Theorem: Let $(X_n)_{n\geq1}$ be a submartingale such that $\sup\limits_{n}\mathbb{E}\{X_n^{+}\}<\infty$. Then, $\lim\limits_{n\rightarrow\infty} X_n = X$ exists a.s. (and is finite a.s.). Moreover, $X$ is in $\mathcal{L}^1$
Proof: Let $U_n$ be the number of upcrossings of $[a,b]$ (where $a$, $b \in \mathbb{Q}$) before time $n$. By definition, $U_n$ is non-decreasing, hence $U(a,b)=\lim\limits_{n\rightarrow\infty} U_n$ exists.

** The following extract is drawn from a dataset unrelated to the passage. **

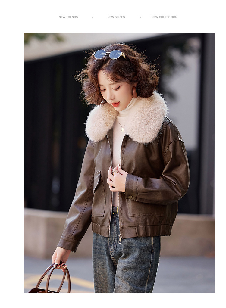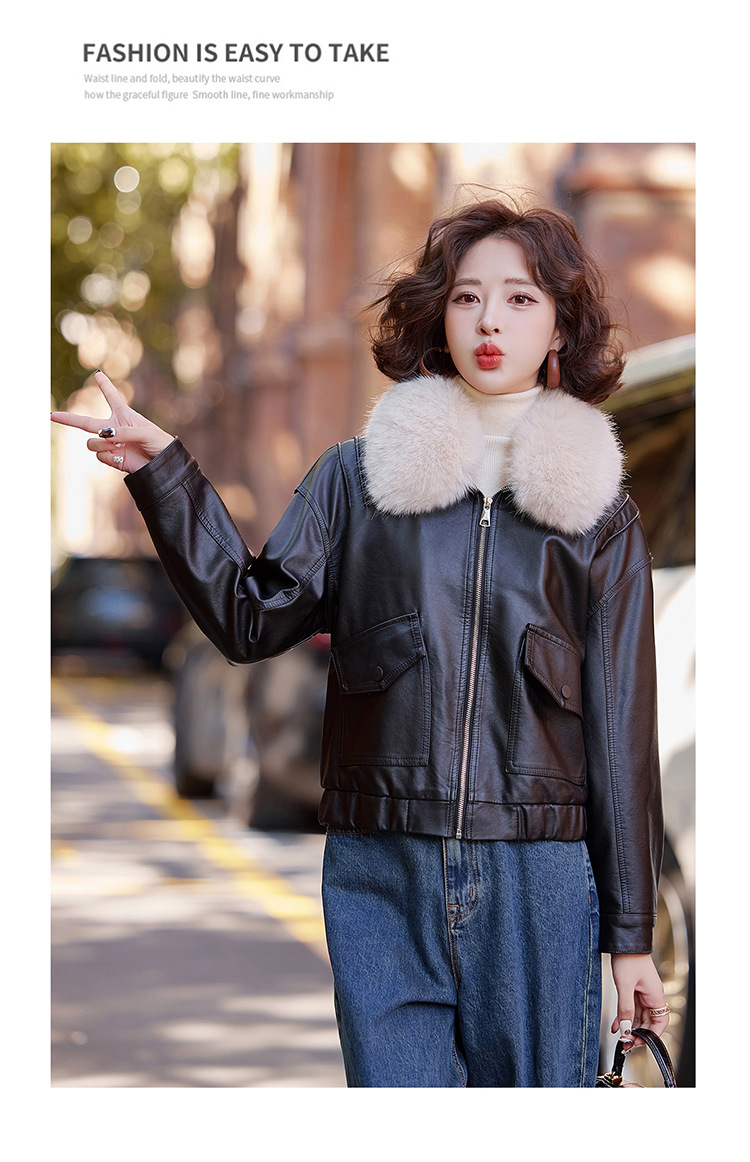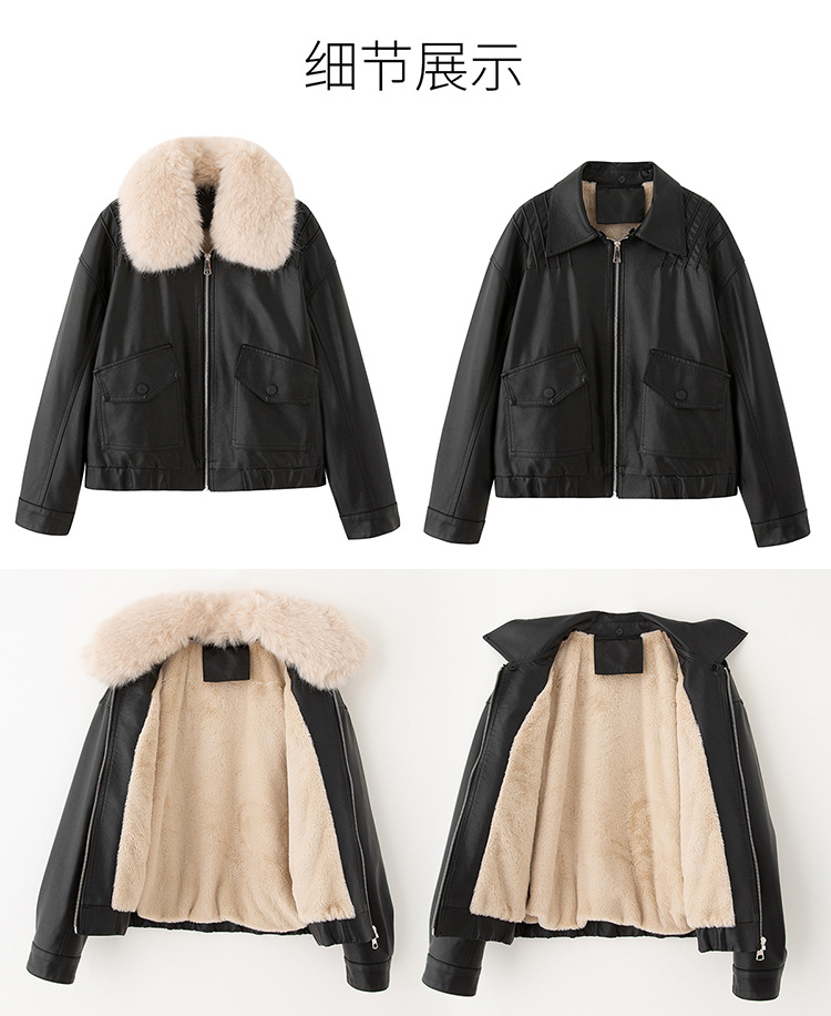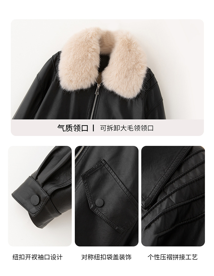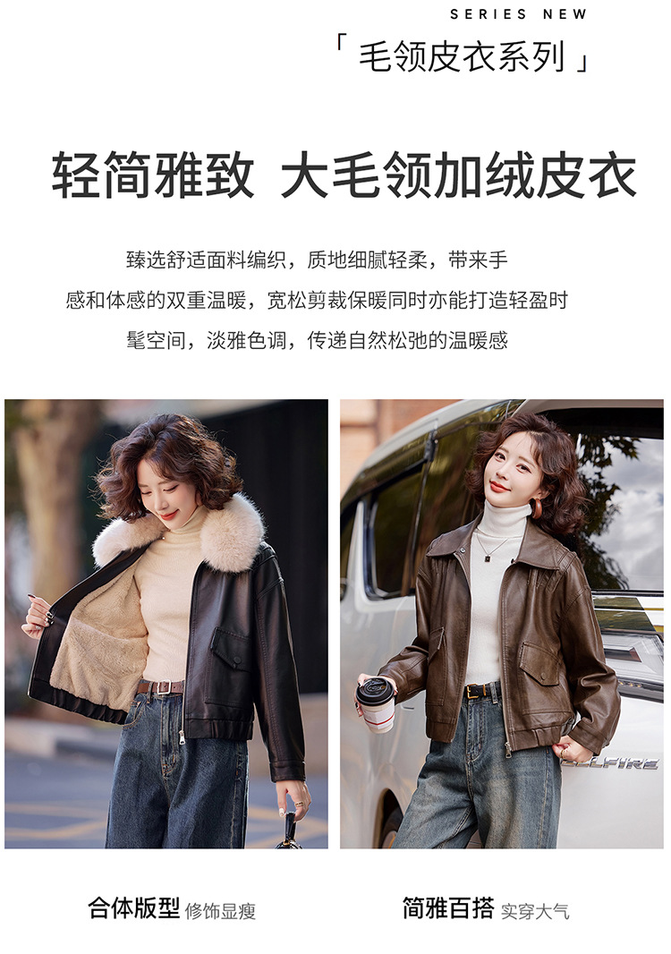 时尚休闲复古可脱卸毛领,加绒皮衣皮棉外套YYG82925

By Monotone Convergence Theorem,
\begin{equation*}
\begin{split}
\mathbb{E}\{U(a,b)\} &= \lim\limits_{n\rightarrow \infty} \mathbb{E}\{U_n\} \\
&\leq \frac{1}{b-a} \sup\limits_{n}\mathbb{E}\{(X_n-a)^{+}\}
\end{split}
\end{equation*}
where the inequality follows from the Doob's upcrossing inequality according to which $\mathbb{E}\{U_n\}\leq\frac{1}{b-a}\mathbb{E}\{(X_n-a)^{+}\}$
The point I cannot fully get is the one related to the inequality. That is, starting from $\mathbb{E}\{U_n\}\leq\frac{1}{b-a}\mathbb{E}\{(X_n-a)^{+}\}$, considering that by Monotone Convergence Theorem $\lim\limits_{n\rightarrow \infty} \mathbb{E}\{U_n\} = \mathbb{E}\{U(a,b)\}$, applying limit on both sides of the inquality I would get
\begin{equation*}
\lim\limits_{n\rightarrow \infty} \mathbb{E}\{U_n\} = \mathbb{E}\{U(a,b)\}
\leq \frac{1}{b-a} \lim\limits_{n\rightarrow\infty}\mathbb{E}\{(X_n-a)^{+}\}
\end{equation*}
Now, according to what is quoted above, why can I state that
\begin{equation}
\frac{1}{b-a} \lim\limits_{n\rightarrow\infty}\mathbb{E}\{(X_n-a)^{+}\} \leq \frac{1}{b-a} \sup\limits_{n}\mathbb{E}\{(X_n-a)^{+}\}
\end{equation}
?
Best Answer
The limit is equal to the $\limsup$, because in this case the limit exists. However, the $\sup$ is always greater than or equal to the $\limsup$, because the $\limsup$ tells you the extreme large values taken at the tail, whereas the $\sup$ records these values from time $0$ onwards. So in particular, \begin{equation} \limsup\limits_{n\rightarrow\infty}\mathbb{E}\{(X_n-a)^{+}\} = \lim_{m \to \infty} \sup_{n \geq m} \mathbb{E}\{(X_n-a)^{+}\} \leq \sup_{n \geq 0} \mathbb{E}\{(X_n-a)^{+}\}. \end{equation}